Man charged with murder of 95-year-old woman has long criminal history

William Crumbaugh was in court again Thursday, just one day after being arraigned on a murder charge.

Thursday, he was arraigned in Graves County for driving under the influences on a suspended license, tampering with evident, and marijuana possession. Crumbaugh faces those charges after the death of 95-year-old Helen Adams.

It was Monday that state police say Crumbaugh rear-ended the riding lawn mower Adams was operating. It happened on Kentucky 1820 in Graves County. His bond is at $500,000.

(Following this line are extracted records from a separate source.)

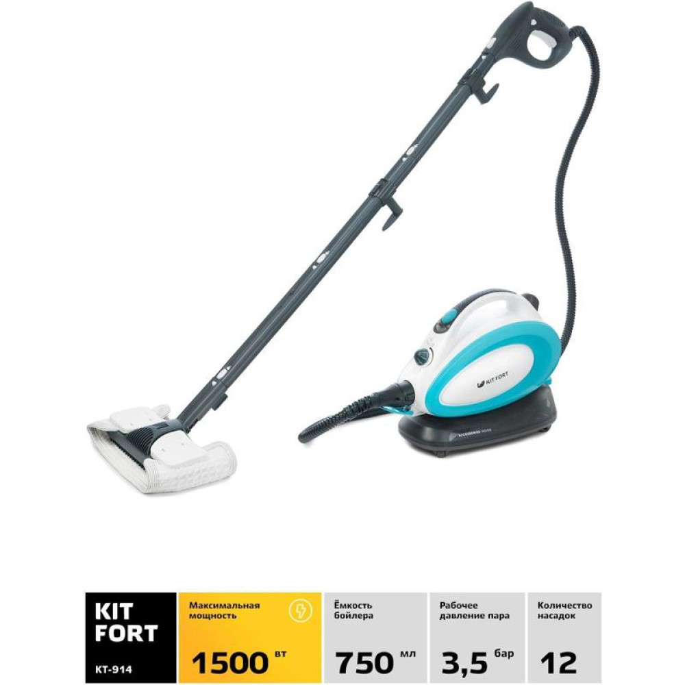 Пароочиститель напольный/ Пароочиститель напольный Kitfort КТ-914 1500Вт белый/голубой
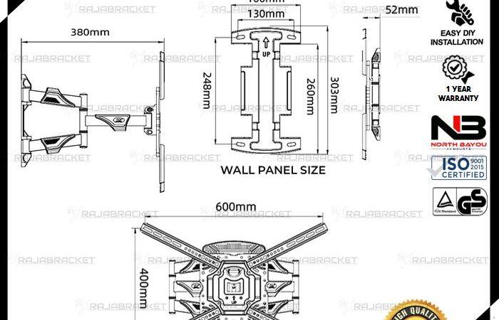 | Varian | Ukuran TV (Inch) | Beban Maksimal | Jumlah Lengan | Jarak dari Dinding | VESA Support (mm) |
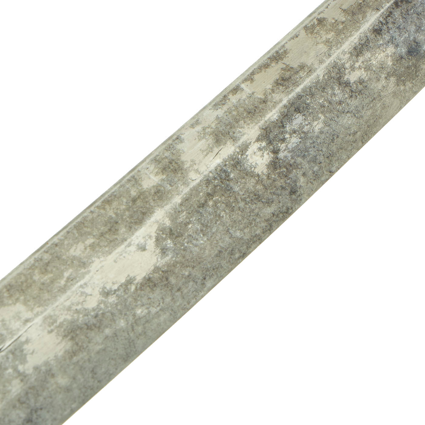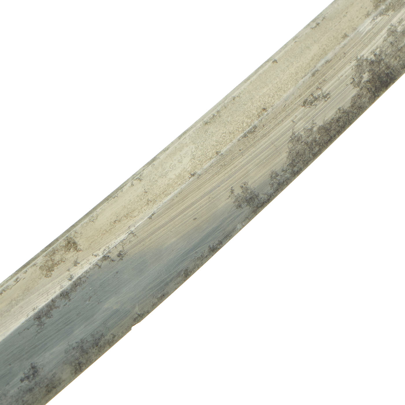 The tang (nakago) is of the futsu 普通 (regular) style, with a Kuri-jiri (symmetrically rounded) nakago-jiri (tang tip). There are blade wounds including ware (lamination splits) and fukure (Carbon pits). The hamon (temper line) is still faintly visible in one areas of the blade where there is no staining, and it is a very active CHOJI (clover treeflower), with some TOURAN (billowing) aspects. There look to be some UCHINOKE crescent shaped lines of NIOI cloudiness above the temper line. It's a shame that it is not in better polish. The boshi and yokote are unfortunately not visible at all. The sword has a very nice silver Habaki (blade collar) with "rain" engraving, which is typical of the Edo period.

Prior to these arraignments, we learned, Crumbaugh has years of criminal history.

In 2008 Crumbaugh pleaded guilty to a DUI in McCracken County. In 2010 he was charged with having marijuana in Carlisle County.

He pleaded guilty to another DUI charge in McCracken County in 2012. In September 2012 he pleaded guilty to reckless driving and driving on a DUI-suspended license.

Last February, Crumbaugh pleaded guilty in McCracken County to driving on a DUI-suspended license and again in June for driving on a suspended license. The latest charge he pleaded guilty to in September was possession of methamphetamine and marijuana.

McCracken County Commonwealth Attorney Daniel Boaz says “under the law, in regards to possession of a controlled substance such as methamphetamine, crack cocaine, heroin, things of that nature, the legislature has enacted statutes that call for treatment and rehabilitation instead of automatic incarceration.” That’s why Crumbaugh wasn’t in jail in September.

Boaz told me Crumbaugh had until November to prove he was getting rehab. The law, Boaz and the Sheriff’s office cited today, is House Bill 463. Boaz said it’s designed to help offenders get off drugs and to reduce the jail population.

“It’s not that they just walk away. The court imposes rules on them, and they’re supposed to abide by those rules. And, obviously, Mr. Crumbaugh didn’t,” Boaz said.

We also spoke with Judge Tim Kaltenbach, who says the last time Crumbaugh was in court it was on drug charges. His decision to opt for rehab instead of jail is Kentucky State law.

Crumbaugh will have a preliminary hearing on the murder charge and those traffic violations next Wednesday.